§ **To do**:
Among the entries below, one line contains "Ofrecemos una gran" and another contains "39¥ CZ0001 Y93QWcGlYoE¥". Transcribe those two lines and every line between them, exactly.

Segment Start: Extracted data

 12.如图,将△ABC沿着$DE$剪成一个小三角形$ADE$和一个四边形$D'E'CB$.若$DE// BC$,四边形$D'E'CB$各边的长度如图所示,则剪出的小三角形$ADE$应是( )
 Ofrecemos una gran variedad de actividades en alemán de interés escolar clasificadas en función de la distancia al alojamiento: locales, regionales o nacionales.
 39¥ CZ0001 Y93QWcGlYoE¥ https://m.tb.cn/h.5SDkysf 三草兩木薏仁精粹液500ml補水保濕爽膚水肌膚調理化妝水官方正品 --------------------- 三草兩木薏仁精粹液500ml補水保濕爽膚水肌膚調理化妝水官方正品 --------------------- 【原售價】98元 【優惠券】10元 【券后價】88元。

Segment End: Extracted data
Segment Start: Extracted data

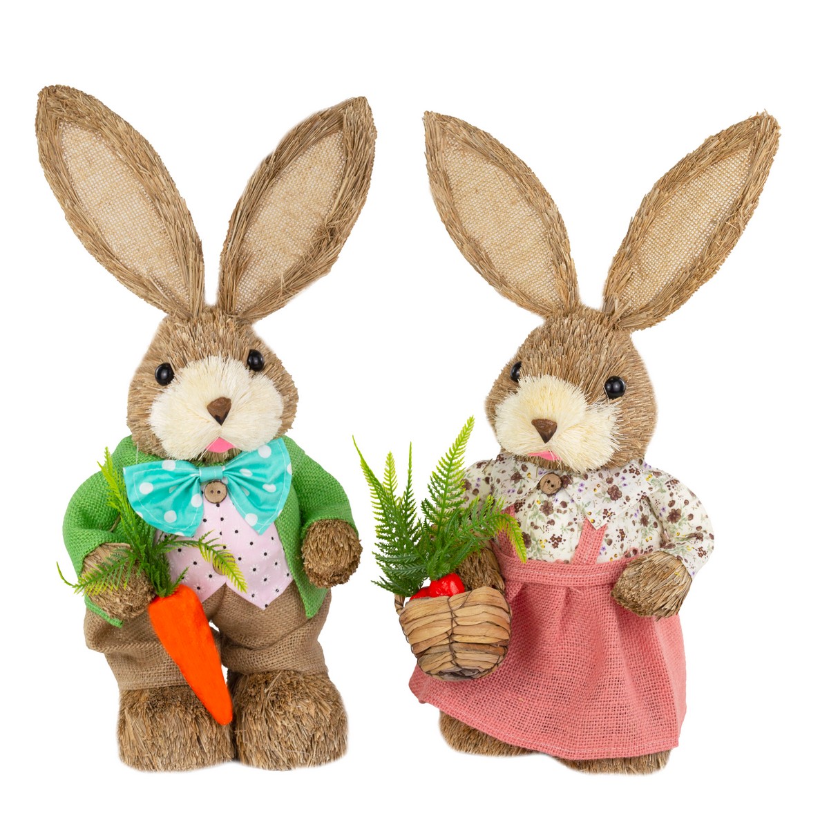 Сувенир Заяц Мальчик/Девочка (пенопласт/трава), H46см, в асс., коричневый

Segment End: Extracted data

§ **Answer to the problem**:
 Ofrecemos una gran variedad de actividades en alemán de interés escolar clasificadas en función de la distancia al alojamiento: locales, regionales o nacionales.
 39¥ CZ0001 Y93QWcGlYoE¥ https://m.tb.cn/h.5SDkysf 三草兩木薏仁精粹液500ml補水保濕爽膚水肌膚調理化妝水官方正品 --------------------- 三草兩木薏仁精粹液500ml補水保濕爽膚水肌膚調理化妝水官方正品 --------------------- 【原售價】98元 【優惠券】10元 【券后價】88元。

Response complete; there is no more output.